▶ DATA RECORDS:
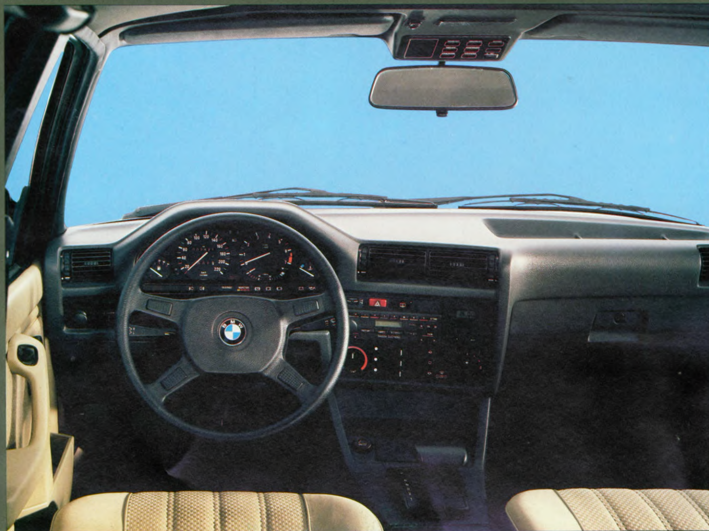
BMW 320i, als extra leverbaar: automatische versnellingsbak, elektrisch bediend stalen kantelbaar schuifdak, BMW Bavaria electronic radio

...

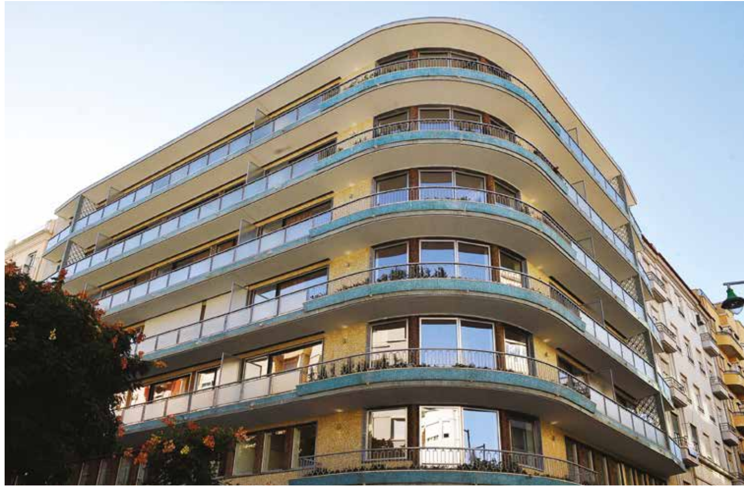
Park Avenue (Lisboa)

--

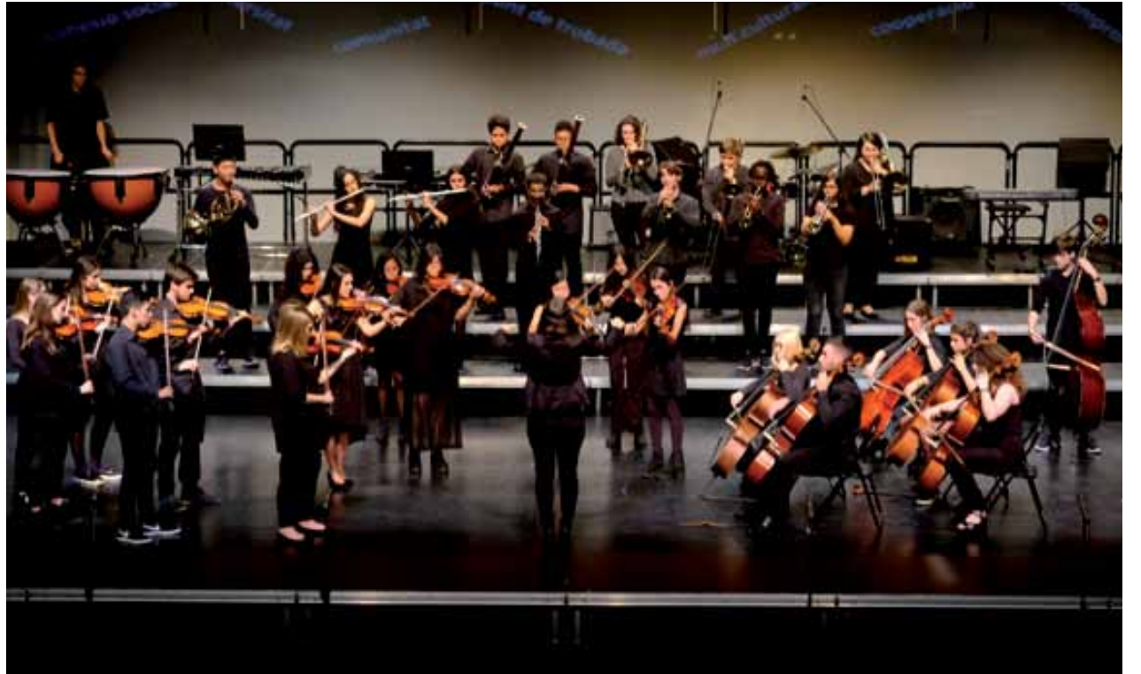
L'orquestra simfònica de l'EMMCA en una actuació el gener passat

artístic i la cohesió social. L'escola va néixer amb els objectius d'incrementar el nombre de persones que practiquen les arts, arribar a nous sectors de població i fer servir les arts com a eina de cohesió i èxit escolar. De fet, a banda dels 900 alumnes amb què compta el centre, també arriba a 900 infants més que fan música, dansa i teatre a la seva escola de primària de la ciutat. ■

▶ TASK ITEM: Repeat, exactly as they stand above, the lines from the line with "L'orquestra simfònica de" to the line with "artístic i la", both lines included.

▶ REPLY TO THE EXERCISE:
L'orquestra simfònica de l'EMMCA en una actuació el gener passat

artístic i la cohesió social. L'escola va néixer amb els objectius d'incrementar el nombre de persones que practiquen les arts, arribar a nous sectors de població i fer servir les arts com a eina de cohesió i èxit escolar. De fet, a banda dels 900 alumnes amb què compta el centre, també arriba a 900 infants més que fan música, dansa i teatre a la seva escola de primària de la ciutat. ■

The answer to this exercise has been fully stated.